What you are asked to do - Every line from the one containing "几千组CS服务器,按全国大区划分,随时进行多人网络对战;" to the end of the records below must be copied exactly, and no pictures may be included.

Stored items
---+---
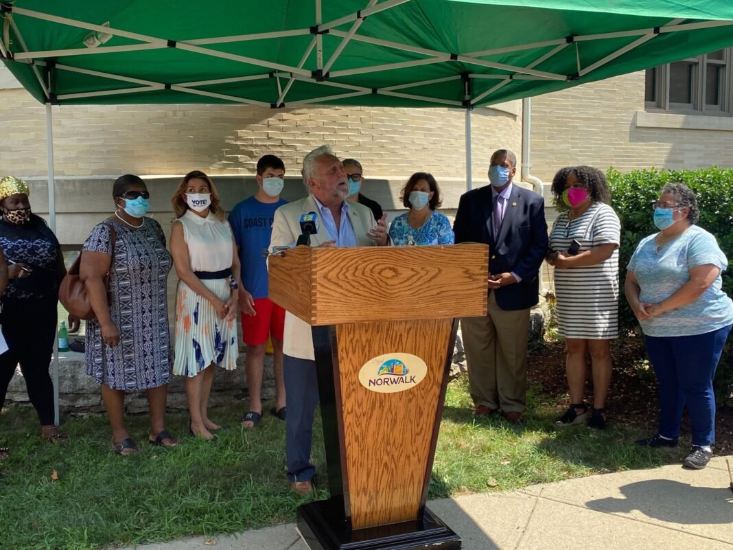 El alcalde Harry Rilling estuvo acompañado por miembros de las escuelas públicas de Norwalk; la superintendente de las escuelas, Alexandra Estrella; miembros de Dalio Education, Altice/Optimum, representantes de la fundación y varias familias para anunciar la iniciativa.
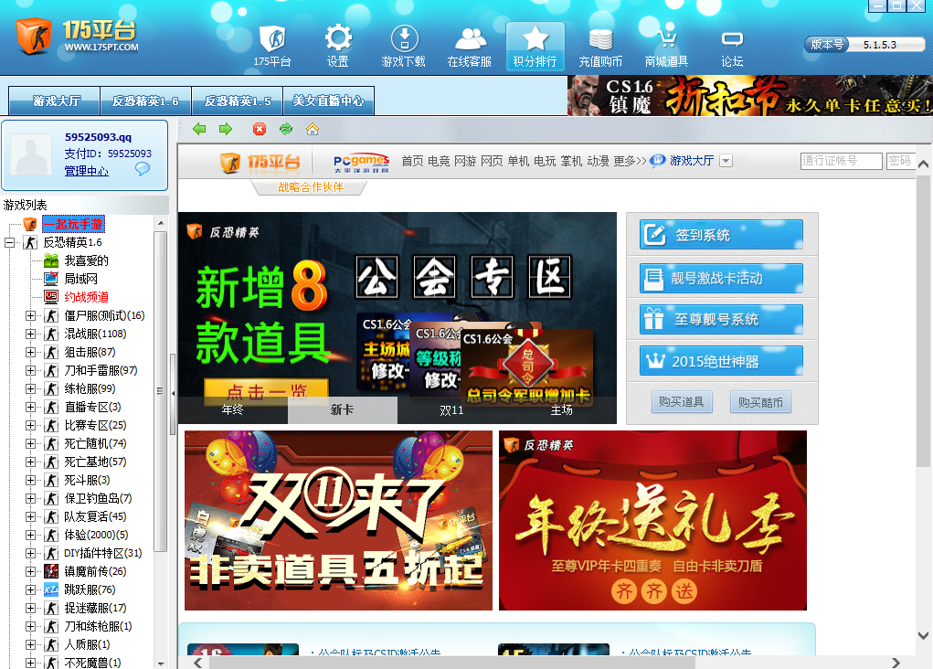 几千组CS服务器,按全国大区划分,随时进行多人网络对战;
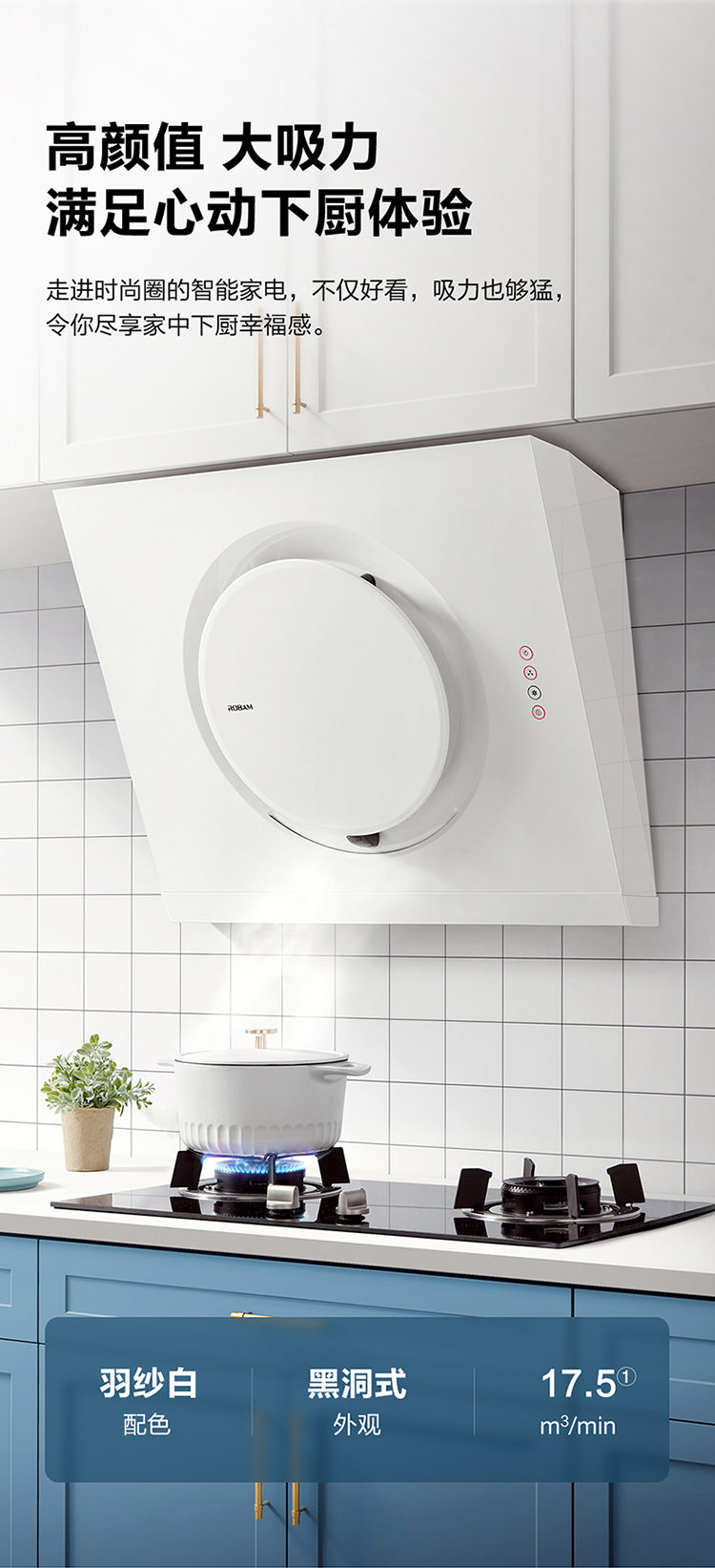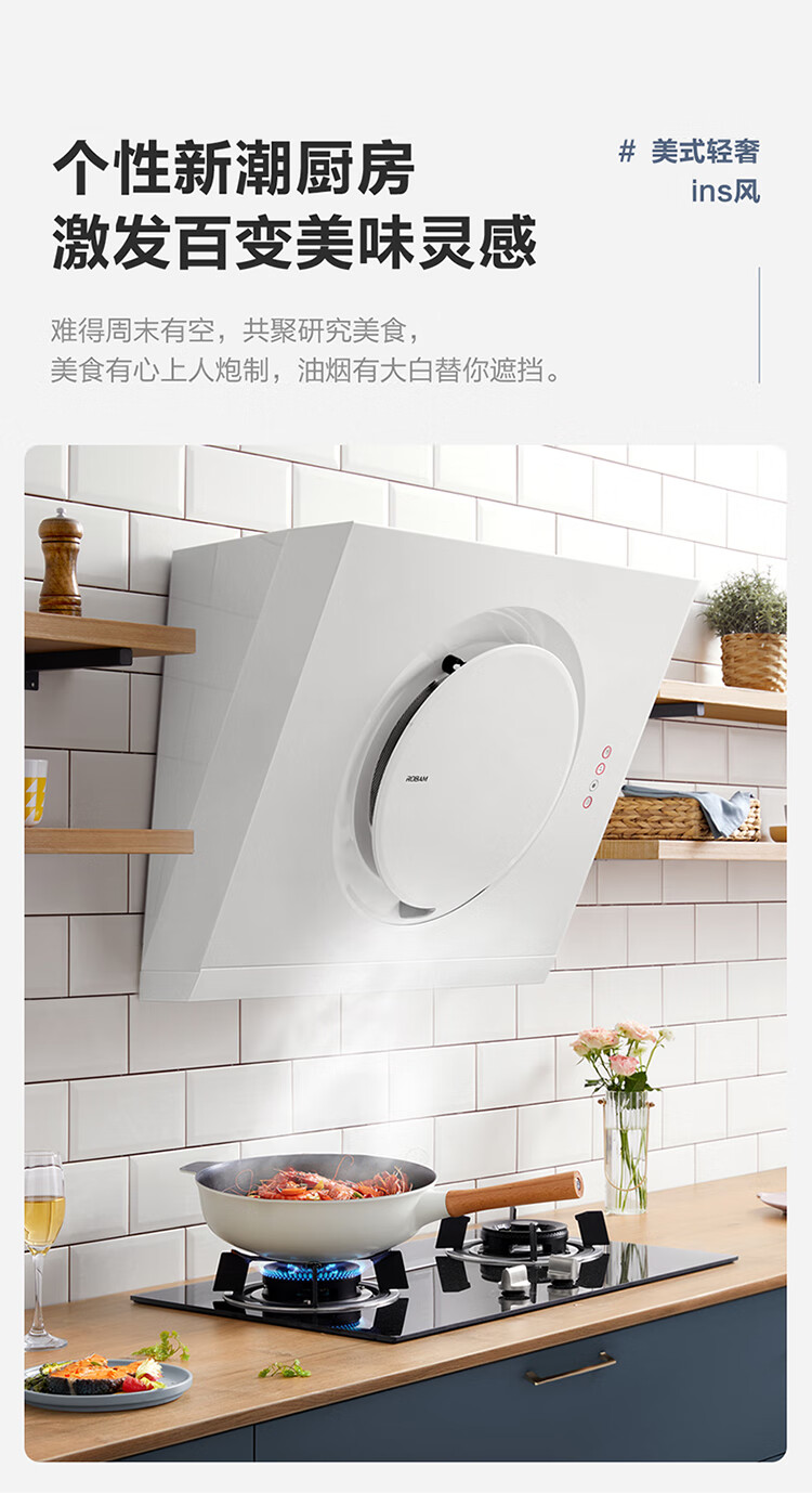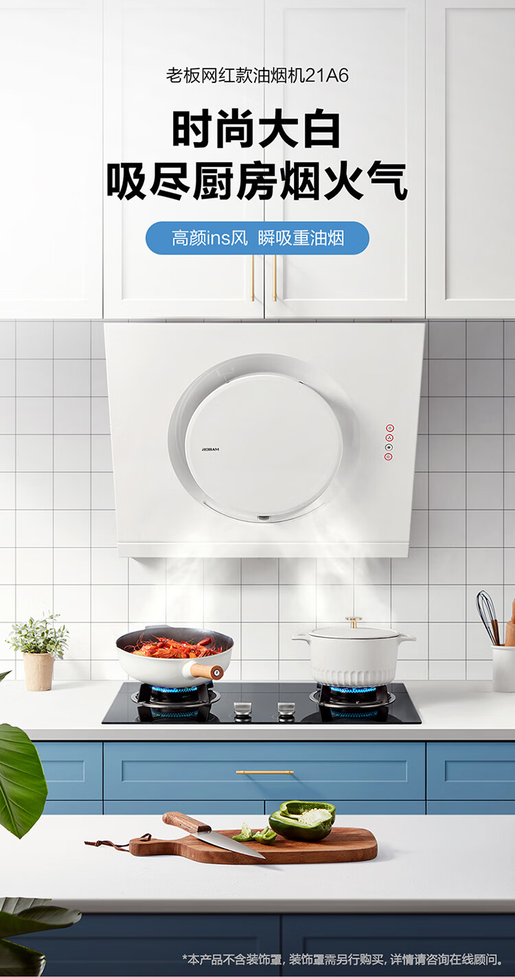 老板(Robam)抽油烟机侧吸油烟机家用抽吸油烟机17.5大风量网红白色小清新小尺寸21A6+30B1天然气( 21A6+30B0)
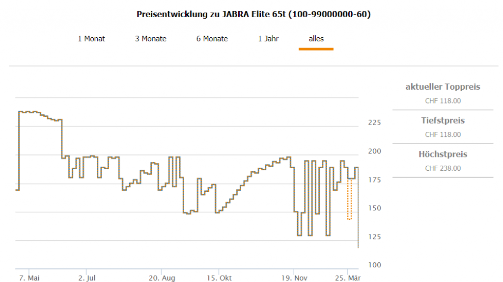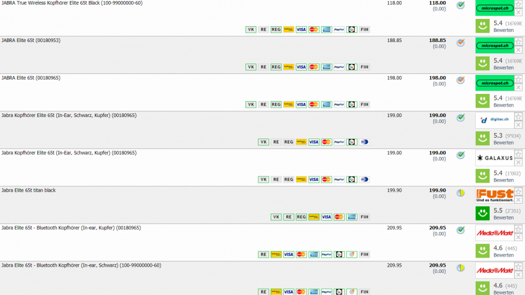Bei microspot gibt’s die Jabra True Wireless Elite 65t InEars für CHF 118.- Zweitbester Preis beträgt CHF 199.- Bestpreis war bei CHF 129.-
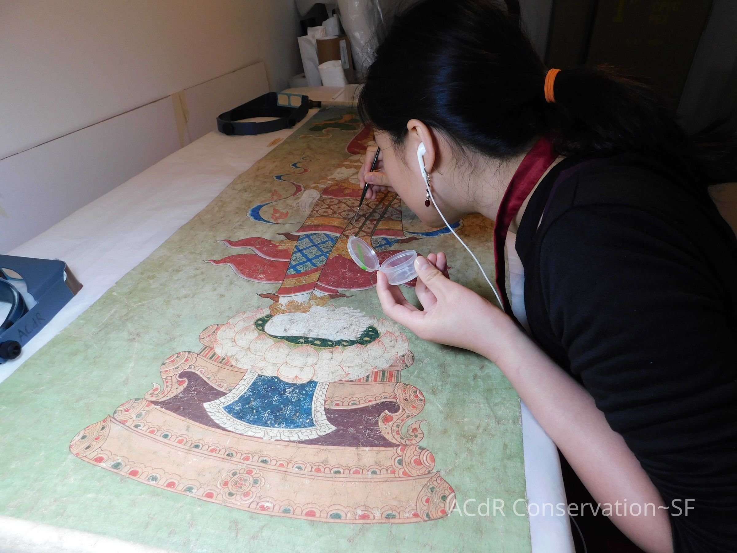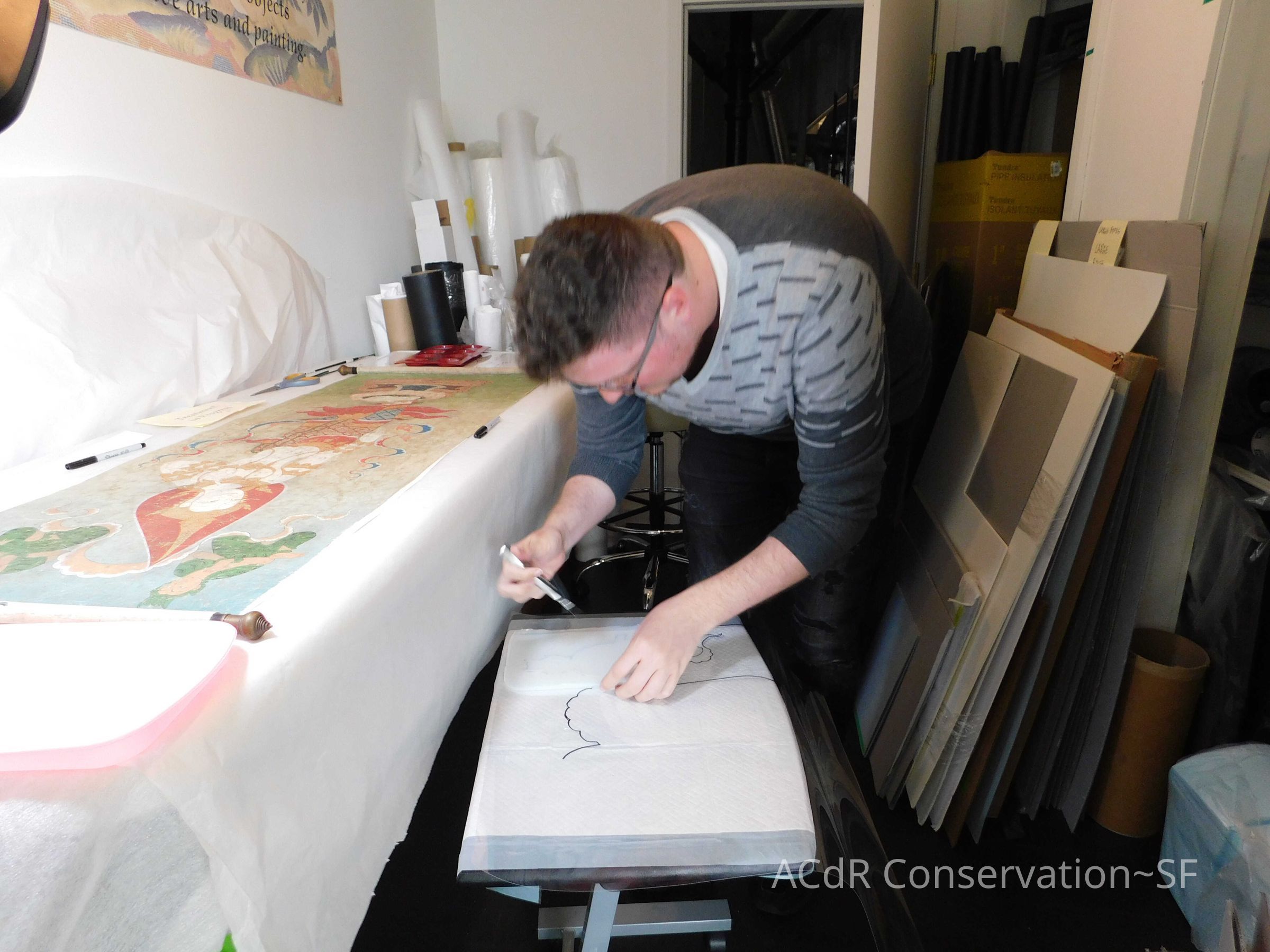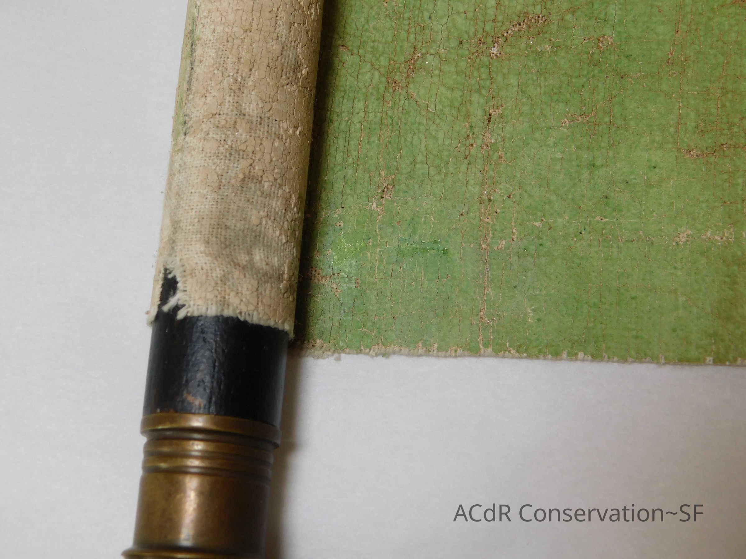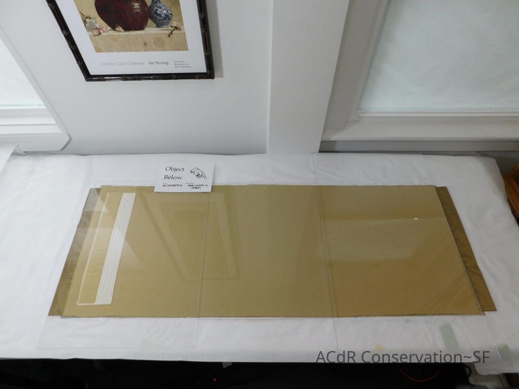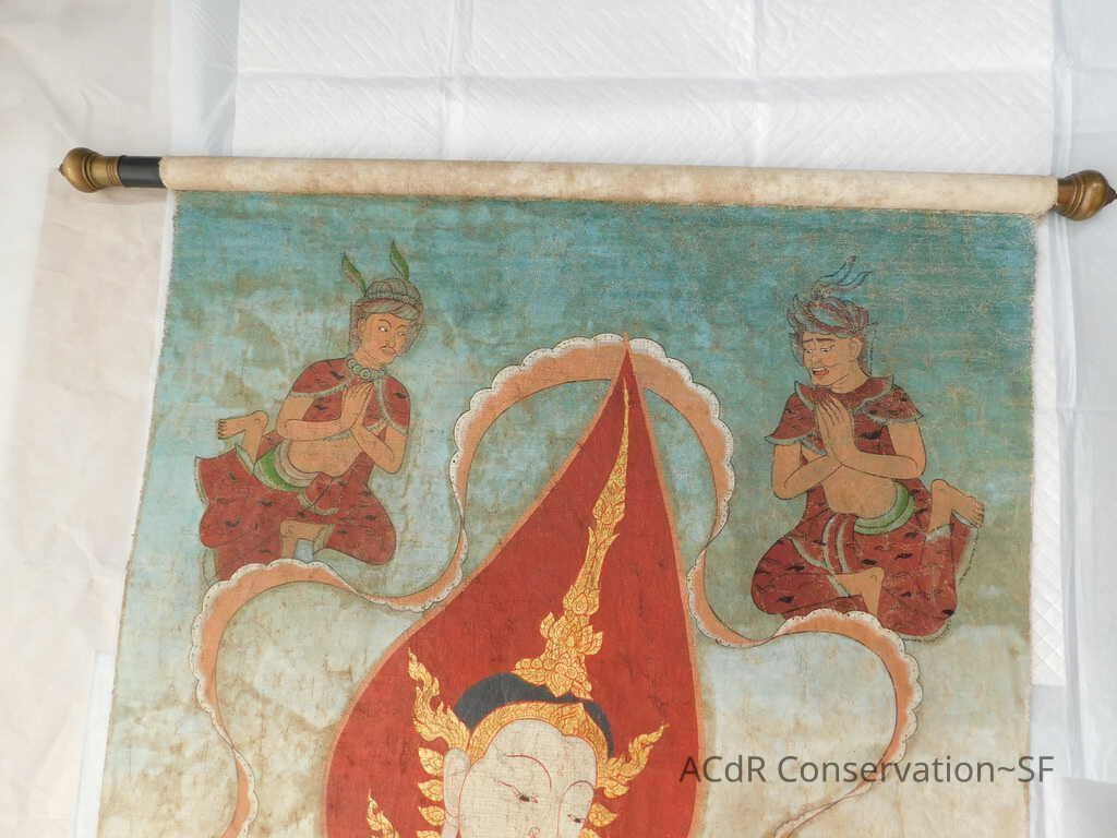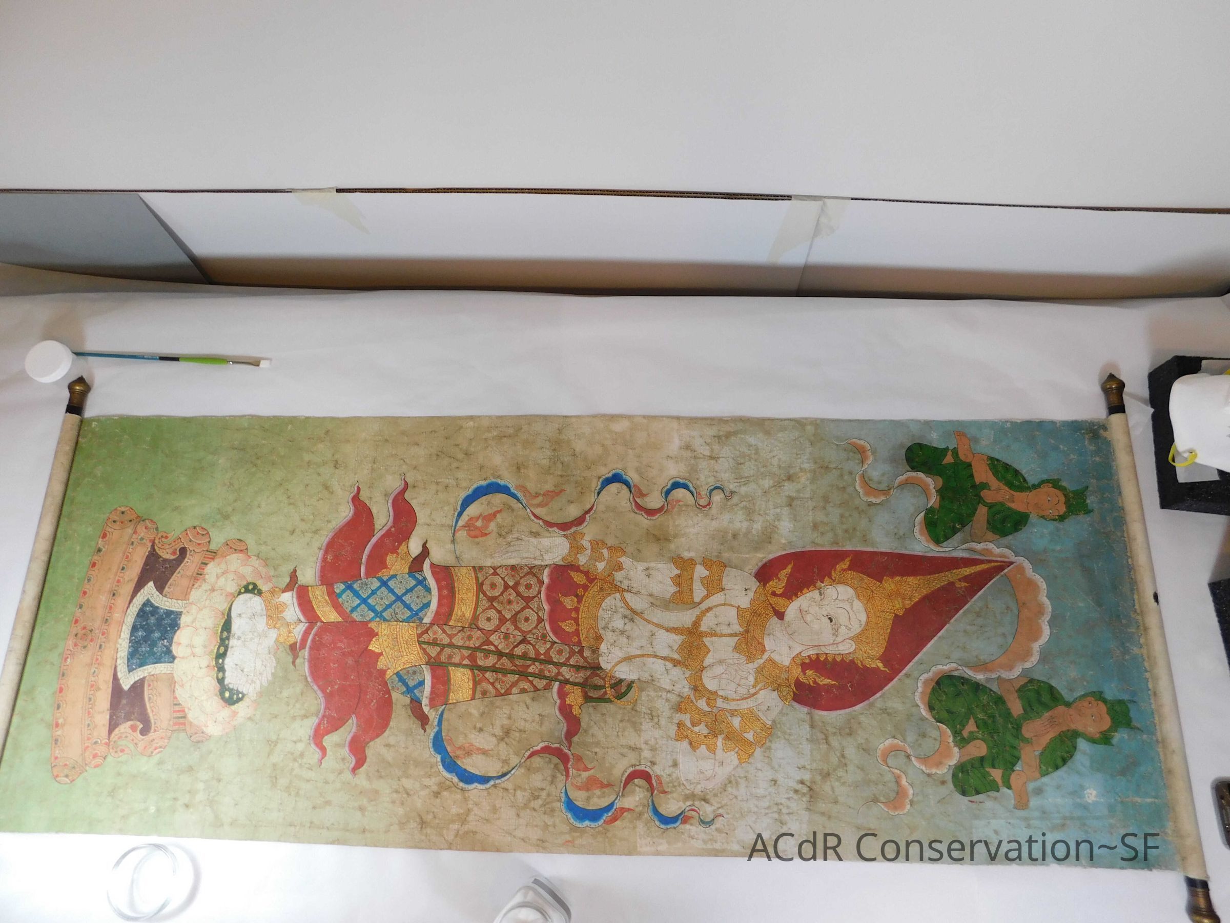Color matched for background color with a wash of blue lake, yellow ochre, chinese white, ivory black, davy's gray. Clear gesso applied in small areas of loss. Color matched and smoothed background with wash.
---+---
Exercise response -
 几千组CS服务器,按全国大区划分,随时进行多人网络对战;
 老板(Robam)抽油烟机侧吸油烟机家用抽吸油烟机17.5大风量网红白色小清新小尺寸21A6+30B1天然气( 21A6+30B0)
Bei microspot gibt’s die Jabra True Wireless Elite 65t InEars für CHF 118.- Zweitbester Preis beträgt CHF 199.- Bestpreis war bei CHF 129.-
Color matched for background color with a wash of blue lake, yellow ochre, chinese white, ivory black, davy's gray. Clear gesso applied in small areas of loss. Color matched and smoothed background with wash.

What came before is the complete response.